11. It is not the case of the Revenue that the final TV glass shells were exempt from the whole of duty of excise leviable thereon or chargeable to nil rate of duty during the period in dispute i.e.

1-3-1999 to 28-9-1999, under any provision of the Central Excise Act or the Notification issued thereunder by the Government. Rather TV glass shells were chargeable to the excise duty. No duty was, however, charged from the appellants on these goods were cleared to M/s. Samtel India Ltd., an exporter against CT-2 certificate issued by the Excise department in terms of Notification No. 49/94.

12. It cannot be disputed that under Rule 13 of the Central Excise Rules the Central Government has got power to permit the export of specified excisable goods on bond without payment of duty from the factory of manufacture or warehouse and to specify materials, removal of which without payment of duty from the place of manufacture or storage for use in the manufacture of export goods may be permitted by the Commissioner of Central Excise and in exercise of power under this Rule the Government issued under Notification No. 47/94-C.E., dated 22-9-1994 allowing exemption to the inputs used in the manufacture of such goods. The Excise department accordingly issued CT-2 certificate allowing the removal of the goods from the factory premises of the appellants to M/s. Samtel India Ltd., exporter without payment of duty in terms of this notification. Therefore, on the clearances of the final product i.e TV glass shells made by the appellants to M/s. Samtel India Ltd. against CT-2 certificate, the benefit of Notification No.67/95-C.E. dated 16-3-1995 on the intermediate goods consumed therein could not be denied as it could not be said that their final product was exempt from the whole of duty or chargeable to nil rate of duty, under the law, during the period in dispute.

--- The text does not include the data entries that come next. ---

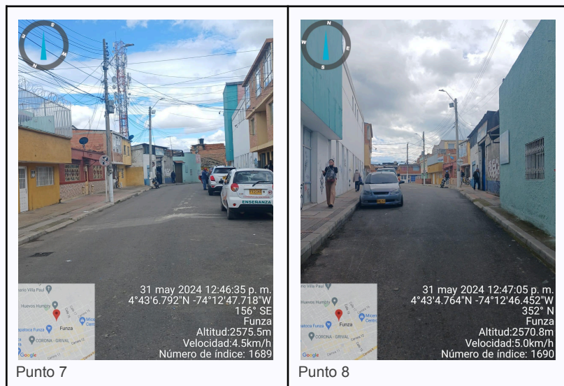
Ilustración 2. Fotos de los puntos del Recorrido de Control Y Vigilancia.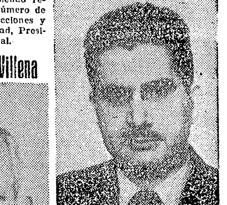
(JEFE DEL SINDICATO PROVINCIAL DE BANCA Y BOLSA Y JEFE Y PRESIDENTE DEL SECTOR SERVICIOS DEL CONSEJO ECONOMICO SINDICAL PROVINCIAL.)

Es Vicepresidente del Sector Servicios del Consejo Económico Sindical de Castellón.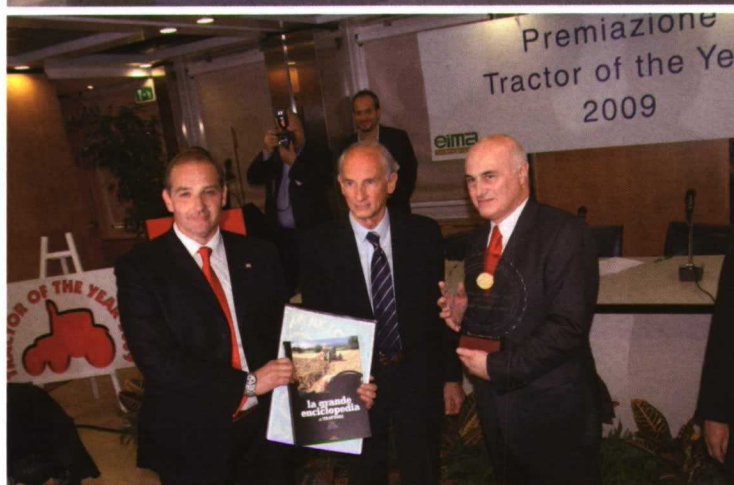
El Massey Ferguson 8690 ha sido galardonado con el Tractor of the Year 2009.

biocombustibles. También aumentará el cultivo de caña de azúcar, especialmente en India y Brasil, mientras que los cultivos hortícolas disminuirán en la UE, y aumentarán en Rusia, China e India.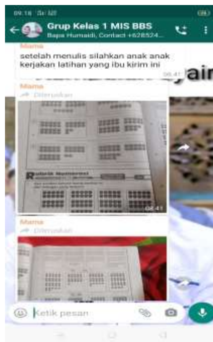
Gambar pemberian tugas dari guru/walikelas kepada siswa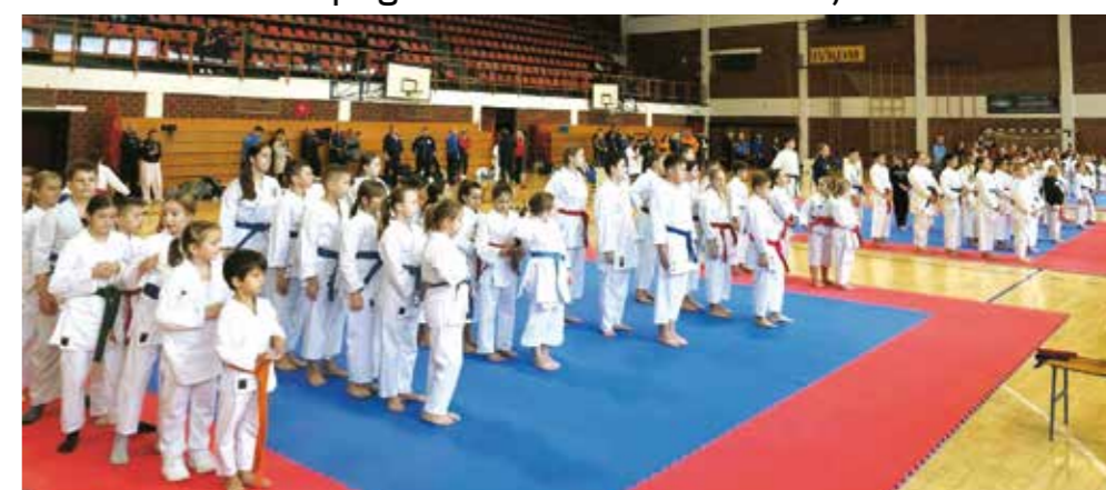
S otvaranja Memorijalnog turnira u Ivancu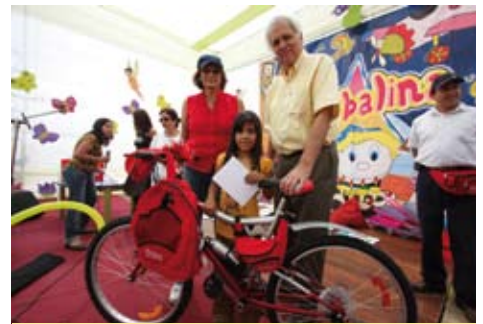
Día de la Familia Sanisidrina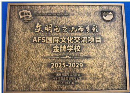
图—45 AFS 国际文化交流项目金牌学校

以北京世园、冬奥为契机，依托长城文化，职业学院自 2006 年招收外国学生至今，不断摸索，积累经验，在北京市国际合作办学队伍中走在前列。与中国教育国际交流协会 AFS 国际文化交流项目合作，成为“全国项目金牌校”；作为北京市教育学会中小学国际教育专业委员会常务理事校，学校加入“丝路工匠”国际职业院校合作联盟，被欧陆国际授予“职业院校国际联盟合作贡献奖”；与俄罗斯伊尔库茨克经济服务旅游学院签订友好校合作协议；成为中巴国际产教合作发起单位。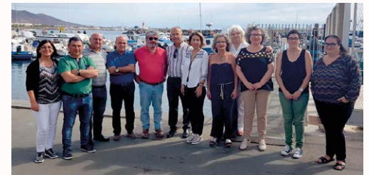
Os membros da directiva do Galp-Golfo Ártabro Norte e do Galp-Sector Pesqueiro (ADERLAN)

Con esta visita o Alcalde espera trasladar ideas e proxectos para os emprendedores de Paderne relacionados co sector do mar e aportar así beneficios ó tecido social e económico do Concello.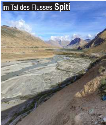
im Tal des Flusses Spiti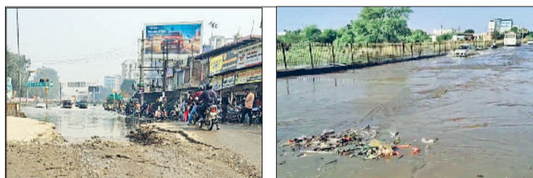
रेवाड़ी। धारूहेड़ा की ओर आ रहा दूषित पानी तथा सेक्टर मार्ग पर जमा दूषित पानी।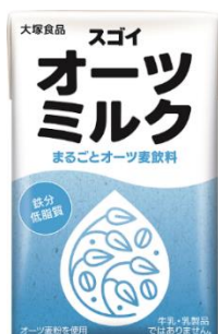
スゴイオーツミルク(125ml)

※2 『スゴイオーツミルク』はオーツ麦粉を、『スゴイひよこミルク』はひよこ豆粉を使用(ひよこ豆のうす皮は除いています)。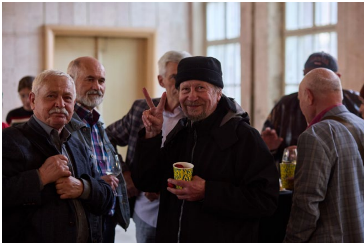
Зустріч випускників ЛНАМ у 2025 році.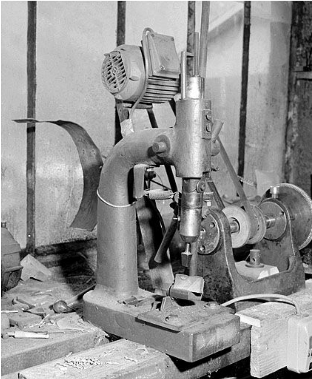
Vue d'ensemble rapprochée.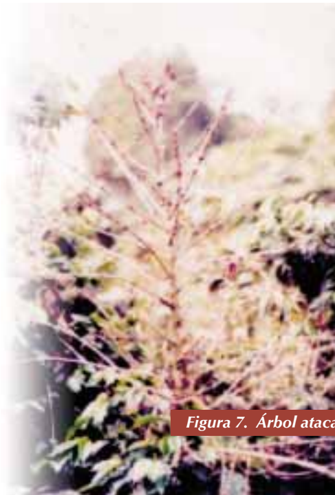
Figura 7. Árbol atacado por mal rosado con apariencia similar al paloteo por causa de otras enfermedades foliares

El efecto del hongo se debe a la destrucción de los tejidos conductores de agua y nutrientes en el tallo principal y en las ramas (15). Este mismo autor agrega que los cafetos enfermos se notan a distancia, porque las partes terminales de las ramas aparecen con el follaje amarillento y marchito. Cuando la enfermedad está en un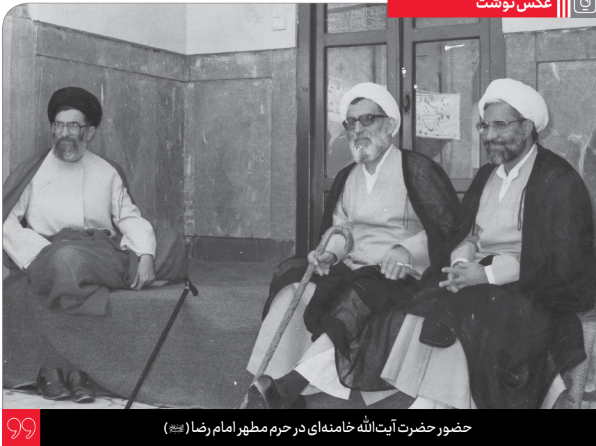
حضور حضرت آیت الله خامنه ای در حرم مطهر امام رضا (ع)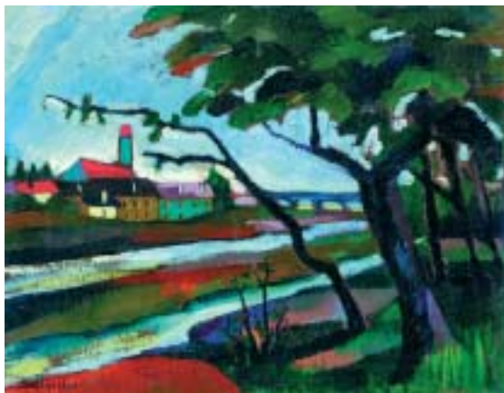
19. Árnyas Nagybányai folyópart (Nagybányai táj), 1932., olaj, vászon, 405 × 510, a Magyar Nemzeti Galéria tulajdona

a Magyar Nemzeti Galériában, Zebegényben pedig a Szőnyi-tanítványok kiállításán. Az összefoglaló művészeti kiadványok sajnálatosan vagy elfeledték munkásságát, vagy csak nevének említéséig jutottak el. Alkotásai megtalálhatók köz- és magángyűjteményekben, továbbá a család leszármazottainál. 13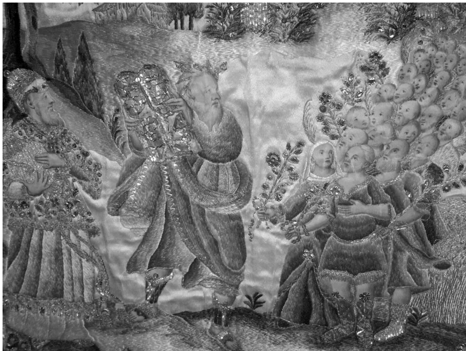
Figura 9: Terno conmemorativo del convento de San Joaquín y Santa Ana de Valladolid. Capa pluvial (detalle del capillo). 1787.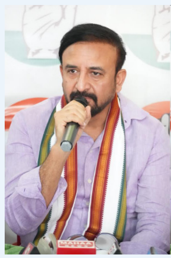
సమయం పడుతుంది. ఒకప్పుడు ఫోన్ పే, గూగుల్ పే వంటి డిజిటల్ సేవలు కూడా కొత్తగానే అనిపించాయి. నేడు ప్రతి ఒక్కరూ వాటిని వినియోగిస్తున్నారు. అదే విధంగా రైతులు కూడా ఈ వ్యవస్థకు అలవాటు పడతారు. యాప్ లో ఎక్కడైనా సాంకేతిక సమస్యలు ఉంటే వాటిని పరిష్కరించేందుకు ప్రభుత్వం నిరంతరం చర్యలు తీసుకుంటోంది. రైతులకు మరింత సౌకర్యంగా సేవలు అందించేందుకు అవసరమైన మార్పులు కూడా చేపడుతోంది.

కామారెడ్డి జిల్లా (భారత శక్తి ప్రతినీధి) జూన్ 23: కామారెడ్డి జిల్లా ఎల్లారెడ్డి నియోజకవర్గంలో యూరియా కొరత లేదు. ఎమ్మెల్యే మదన్ మోహన్ అన్నారు. విషయం తెలిసిన వెంటనే వ్యవసాయ శాఖ అధికారులతో సమీక్ష నిర్వహించి పరిస్థితిని పర్యవేక్షించారు. రైతులకు ఎలాంటి ఇబ్బందులు కలగకుండా ఉండేందుకు మండల వ్యవసాయ అధికారులు, వ్యవసాయ శాఖ సిబ్బంది, నా కార్యాలయ సిబ్బంది వెంటనే చర్యలు చేపట్టారు.

13. The case of the appellants is in fact squarely covered by the ratio of the law laid down by the Tribunal in CCE, Vadodam v. Steelco Gujarat Ltd., 2000 (121) E.L.T. 557. In that case it had been observed that Rule 13 of the Rules is applicable to the manufacturer as well as to the supplier of the goods sent to the exporter in terms of Notification No. 47/94-C.E. The Tribunal observed that the goods having been supplied by the manufacturer by following Chapter X Procedure, to an exporter, could not be treated as goods exempt from the whole of the duty of excise or chargeable to nil rate of duty within the meaning of Rule 55-CC(1) of the Rules. To the same effect is the ratio of the law laid by the Tribunal in (1) CCE, Ahmedabad-I v. Omkar Textile Mills Ltd.J.K. Synthetics Limited v.CCE, Jaipur and 14. In the light of the discussion made the impugned order of the Commissioner denying the appellants benefit of Notification No. 67/95- C.E. dated 16-3-1995 and confirming the duty demand and imposing penalty on them in respect of the clearances made by them during the period in question to M/s. Samtel India Ltd., an exporter cannot be legally sustained and deserves to be set aside.

15. Consequently, the appeal of the appellants is allowed and the impugned order of the Commissioner is set aside with consequential relief, to them, if any, permissible under the law.